About

Scott Fearon

Scott Fearon has spent more than 30 years in the investment business. He is the author of Dead Companies Walking: How A Hedge Fund Manager Finds Opportunity In Unexpected Places.

deadcompanieswalking 9:01 AM Dec 22, 2015 at 9:01 AM

Tim Cook Is Right About Our Tax Code

If you missed Tim Cook’s interview on 60 Minutes on Sunday, watch how fired up the normally serene CEO gets when Charlie Rose asks him about the billions Apple is keeping overseas:



I don’t blame Cook for being angry. I’ve been saying similar things for awhile now. Our corporate tax system is “awful for America.” It would be bad enough if we were growing at a decent, or even somewhat decent rate economically. But in this ‘new normal’ era of slow to no growth, it’s inexcusable.  

Most nations have a territorial tax code that allows businesses to pay taxes only where money is earned. Not the US. When one of our companies brings home offshore profits, the IRS collects taxes on the difference between the 35 percent US corporate tax rate and the lower rate charged abroad. This is why Apple and other companies leave those funds offshore, stranding an estimated $2.6 trillion overseas. It’s also why so many companies have decided to invert their worldwide headquarters outside the US, the Pfizer-Allergan merger being the most recent example. 

Politicians and pundits can harp all they want about greed and tax avoidance. It’s not going to fix the problem. The fact of the matter is that almost half the profits earned by S&P 500 companies now come overseas. In Apple’s case, that percentage is even larger. As Cook says, a full two-thirds of its business takes place outside the US. Left, right or center, our elected officials should be doing everything they can to encourage Apple and other multinationals to bring those revenues back home. But it’s never going to happen until we bring our hopelessly outmoded international tax policy into the 21st Century.

As Carl Icahn wrote in a New York Times editorial last week, Congress has finally begun to address this problem.
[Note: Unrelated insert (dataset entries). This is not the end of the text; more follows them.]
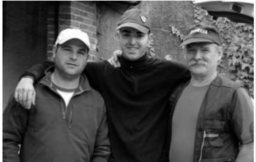
Lehenengo hiru postuetan gelditu ziren zaldunak, hiruak Ugarteakoak. HITZA

Aurtengo berritasuna bazkariarena izan da. Abaetxe taberna-jate-txea orain gutxi ireki da Bedaion eta hori aprobetxatuz bazkaltzeko aukera izan zuten. 81 lagun izan zi-
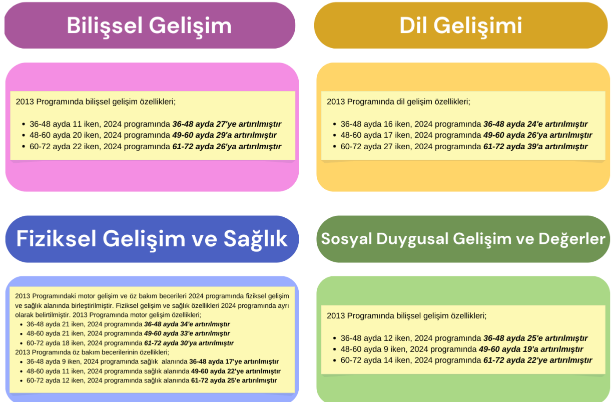
Şekil 1. 2024 Okul Öncesi Eğitim Programının Gelişim Alanları ve Gelişim Özelliklerine İlişkin Bulgular

2013 Programı içeriğinde gelişim alanları bilişsel, dil, sosyal ve duygusal, motor ve öz bakım olarak sıralanırken; 2024 programında gelişim alanları bilişsel, dil, fiziksel gelişim ve
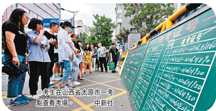
考生在山西省太原市一考點查看考場。
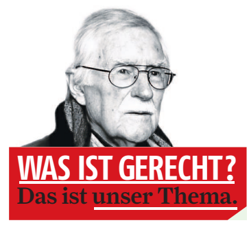
WAS IST GERECHT? Das ist unser Thema.

Umverteilungen von der wachsenden Verlierer-Mehrheit zu einer zahlenmäßig immer kleiner werdenden Gewinner-Minderheit zwangsläufig ständig zu.
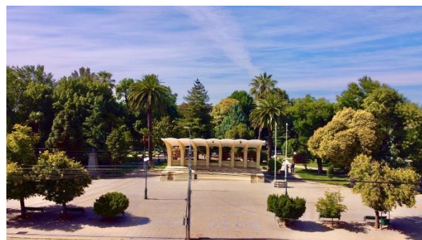
Plaza de Armas

Es el punto de encuentro de la ciudadanía, quienes aprovechan el espacio rodeado de árboles y hermosas áreas verdes. A media cuadra de la plaza, en la calle Victoria, se encuentra una amplia oferta de artesanía tradicional elaborada con materiales locales como cestería, crin, madera, totora y otros, así como locales de comida preparada con pescados, mariscos frescos y productos de la zona (Servicio Nacional de Turismo, 2012).
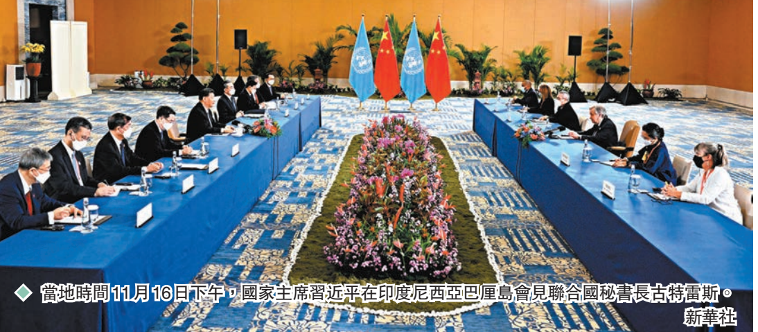
◆當地時間11月16日下午，國家主席習近平在印度尼西亞巴厘島會見聯合國秘書長古特雷斯。

宋偉分析，真正的多邊主義應該是在以聯合國框架為核心的多邊平台上進行的多邊對話和合作，尊重現有的國際法準則和多邊國際制度，而不是另起爐灶。他說，二十國集團峰會制度也是對聯合國體系的補充而不是代替，為的是讓多邊合作更有效率。通過聚焦於提升現有聯合國體系的效率和公平，可以最大限度凝聚國際社會的共識，減少全球治理的制度成本。 ◆香港文匯報記者 葛沖 北京報道
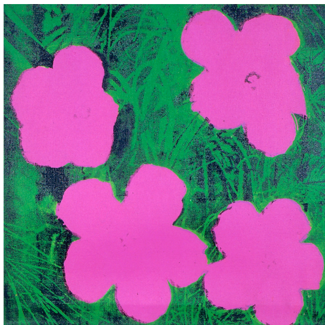
STURTEVANT, Warhol Flower, 1964-1965. Collection Frac Bretagne
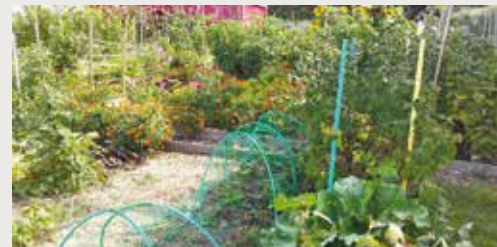
Les jardins partagés

Après l'inauguration des jardins partagés le 25 novembre 2017, le temps est venu pour les jardiniers de voler de leurs propres ailes. L'association « Des jardins partagés des Glénan » est maintenant créée pour gérer le fonctionnement interne, l'ensemble des jardins restant propriété de la Commune.
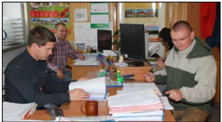
Szczegółowe sprawdzanie dokumentów

Projekt budowlany jest oprócz oświadczenia inwestora o posiadanym prawie do dysponowania nieruchomością na cele budowlane oraz decyzji o warunkach zabudowy i zagospodarowania terenu, dotyczącej inwestycji objętej wnioskiem o wydanie pozwolenia na budowę, zasadniczym dokumentem, bez którego nie jest możliwe wydanie tego pozwolenia. Projekt budowlany powinien spełniać wymagania określone w decyzji o warunkach zabudowy, o ile jest ona wymagana zgodnie z przepisami o planowaniu i zagospodarowaniu przestrzennym. Należy podkreślić, że organ administracji architektoniczno - budowlanej jest związany ustaleniami tej decyzji i niedopuszczalne jest wydanie pozwolenia na budowę
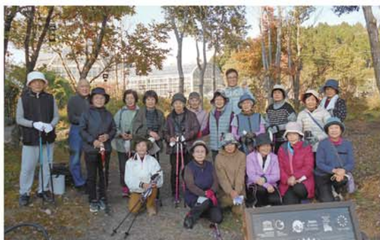
ノルディックウォーキング教室

新型コロナウイルス感染拡大を防止する為、開催を延期しておりましたが、ようやく活動が始まりました。受講生の皆さんは感染対策をしながら楽しく受講されています。
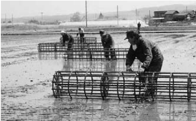
△「型ころがし」の作業です。
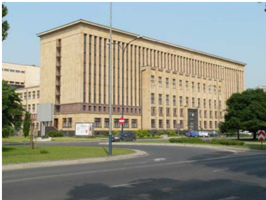
Ansicht von der Aleja Mickiewicza aus

Art déco. Es strahlt außen wie innen eine schlichte Vornehmheit aus. Der Magazin- und Verwaltungsbau ist als Querriegel parallel zur Straße angeordnet, ein deutlich niedrigerer Trakt mit dem großen Hauptlesesaal ist mittig an die Rückseite angesetzt. Dieser Gebäudeteil wurde in den Jahren 1961 bis 1963 erweitert.
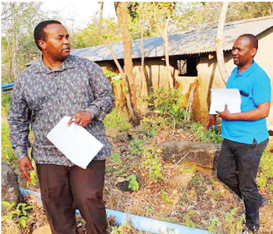
Kituo cha Kuchuja Maji Mutuka, wilayani Babati, sehemu ya miradi ilipokuwa inaendelea kuandaliwa mwaka jana, chini ya RUWASA.
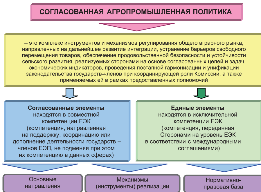
Рис. 1. Концептуальные подходы формирования согласованной агропромышленной политики стран ТС и ЕЭП
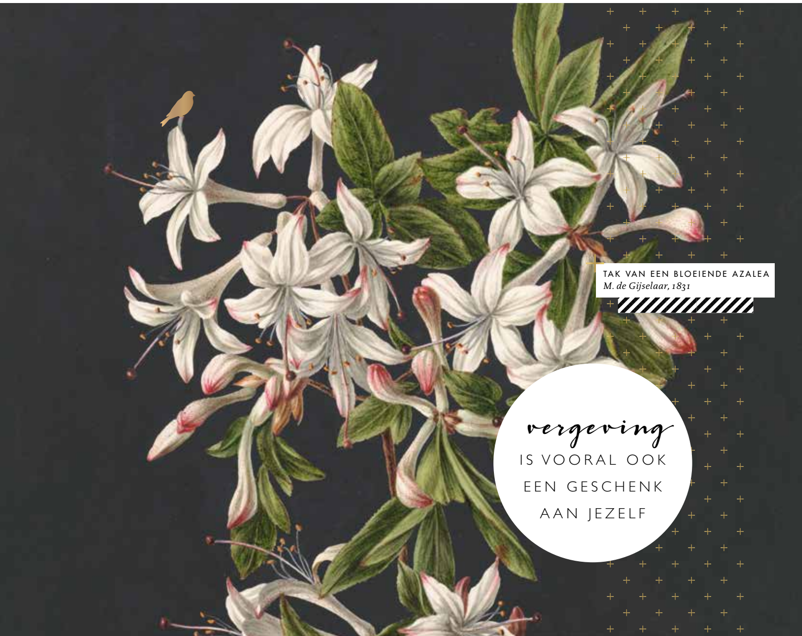
TAK VAN EEN BLOEIENDE AZALEA M. de Gijsselaar, 1831

vergeving IS VOORAL OOK EEN GESCHENK AAN JEZELF
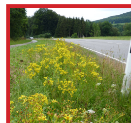
blühendes Jakobskreuzkraut (Bankettzone)

Regulierungsmaßnahmen sind durchzuführen, wenn:
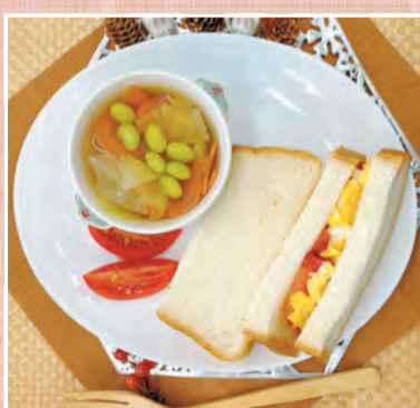
食感が楽しい スーププレート
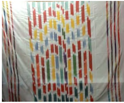
تصویر ۵: نقش ابروباد

ابر: از نظر نمادین وجوه مختلفی را در بر می گیرد که اصلی ترین آن ها در ارتباط با طبیعت مخلوط و غیر مشخص آن است ابر را وسیله ای به جامع در آمدن و مظهریت نیز داشته اند. در عرفان لاسلامی ابر (العماء) مرحله ی ماهوی و غیر قابل شناخت از (الله) قبل از ظهور است. در چین باستان، ابرهای سفید و رنگین که قربانیان رستگار فرود می آورند و قبور جاودانگان راه که سوار بر ابرها در آسمان می رانند، بالا می بردند ابرها وابسته به نماد آب هستند و در نتیجه وابسته به نماد باروری است. (کیمیایی اسدی، ۱۳۸۷: ۱۶۰)
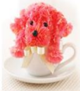
プードルアートフラワー 2,000 円
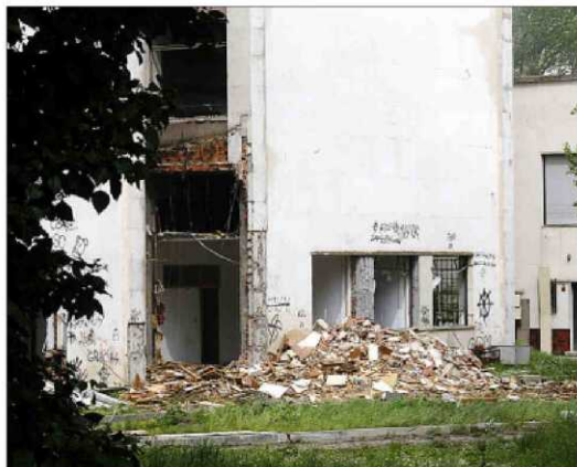
Escombros acumulados en la parte trasera de la sede Mergelina de la UVa.

La construcción derribada constaba de seis alturas, además de la planta baja, con una superficie de 800 metros cuadrados por cada una, lo que significa que la superficie derribada superior a los 5.000 metros cuadrados. Será un entorno, además, donde se levante una moderna construcción, de mayor altura, lo que permitirá centrar allí el aulario, las clases, los laboratorios, los despachos y otras dependencias de la Facultad de Ciencias de la UVa. Así, está obra de ejecución de la torre aulario de la sede Mergelina de la Escuela de Ingenierías Industriales que incluye el derribo salió a concurso público por 5,7 millones de euros, IVA
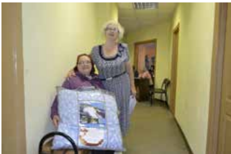
Вручение подарков ветеранам ко Дню Победы
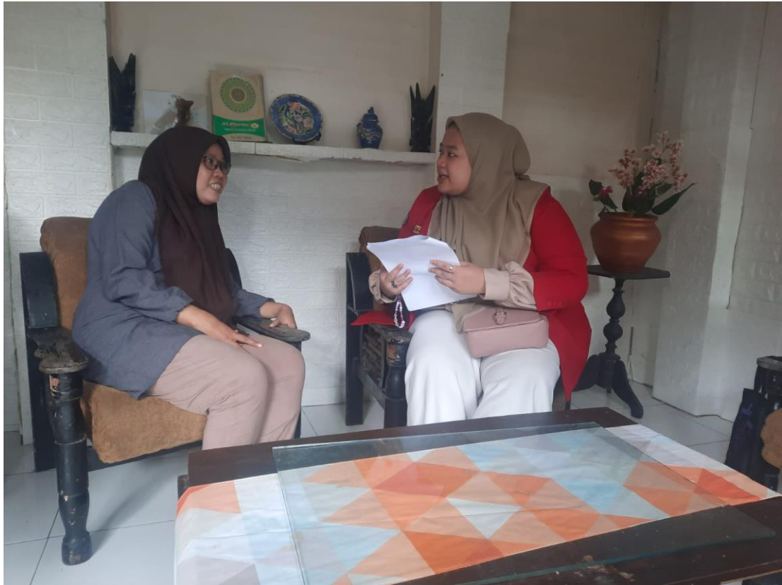
Wawancara dengan masyarakat
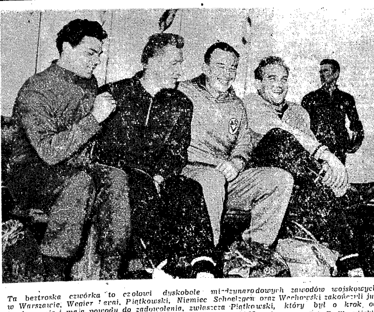
Ta bestronka czwórka to czolowi dyskolabi mi-zymnadowych zawodow wojskowych w Warszawie
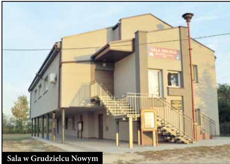
Sala w Grudzielcu Nowym
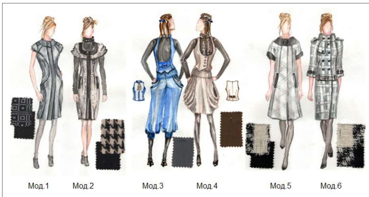
Приклади малюнків моделей одягу
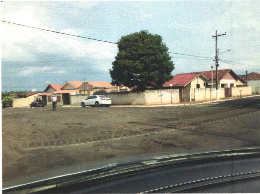
Rua dos Cravos
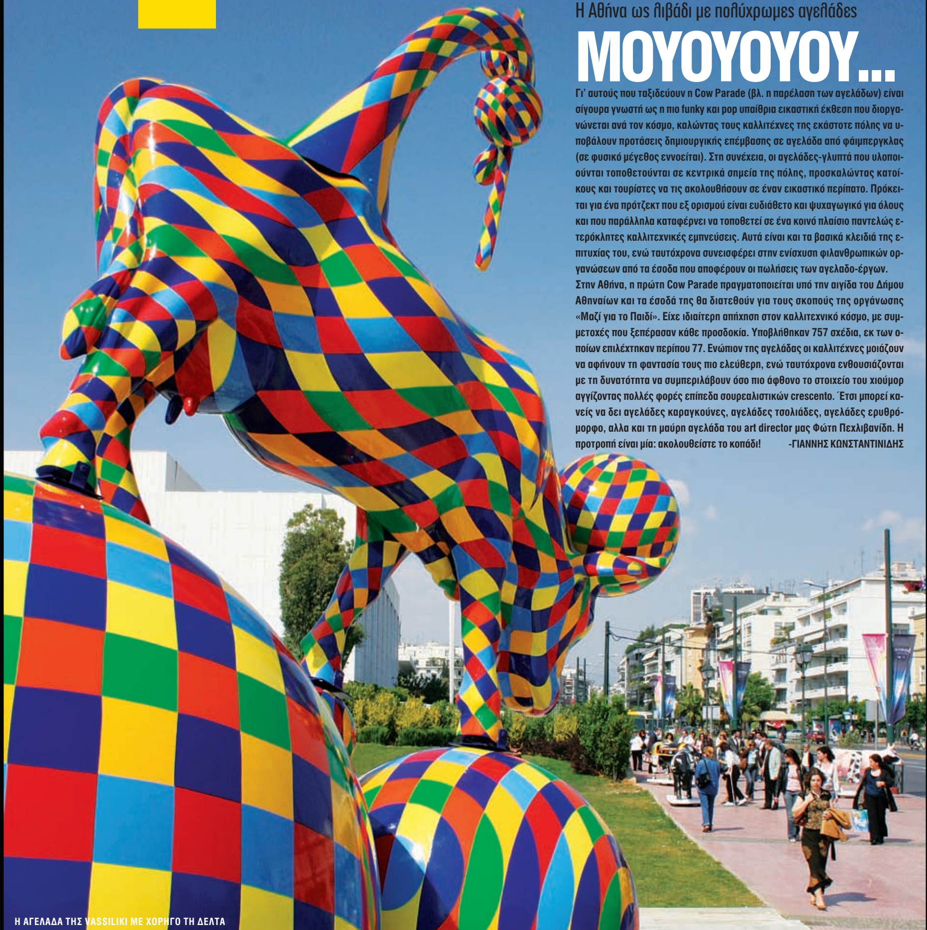
Η ΑΓΕΛΑΔΑ ΤΗΣ VASSILIKI ΜΕ ΧΟΡΗΓΟ ΤΗ ΔΕΛΤΑ
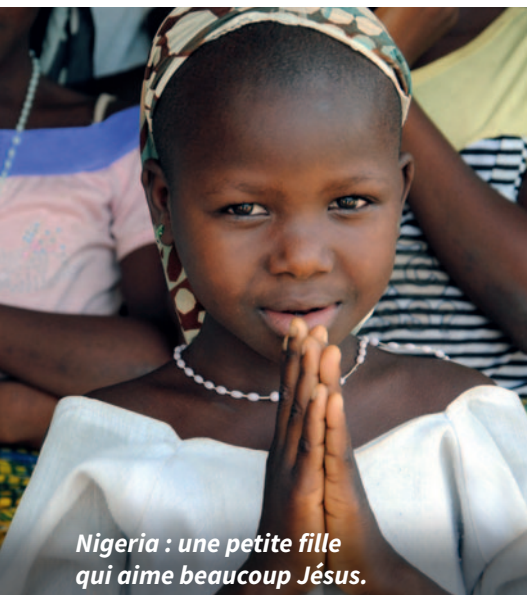
Nigeria : une petite fille qui aime beaucoup Jésus.

Dans la ville d'Amuzi, dans le sud-est du Nigeria , l'église paroissiale est également consacrée à Marie. Une chapelle doit y être construite afin de permettre l'adoration eucharistique de jour comme de nuit. Dans la paroisse, il y a déjà un groupe qui

Democratic New York Senator Chuck Schumer and Republican Ohio Senator Rob Portman created a framework that would allow companies to repatriate stranded cash at a reduced 8-10 percent rate. This could yield up to $200 billion for the US Treasury. More importantly, it would let American businesses invest money they earn overseas here in America.

Why it’s taken this long for Congress or President Obama (or even President Bush) to even start the process of reform is dumbfounding. Slow economic growth, not terrorism or global warming, is the greatest threat to America’s security and our citizens’ well being. And yet, almost eight years into a pitifully slow economic recovery, we continue to under-invest in infrastructure and education while over-investing in seniors, defense, and bloated government agencies. To borrow a phrase from Tim Cook, that is the real “political crap.”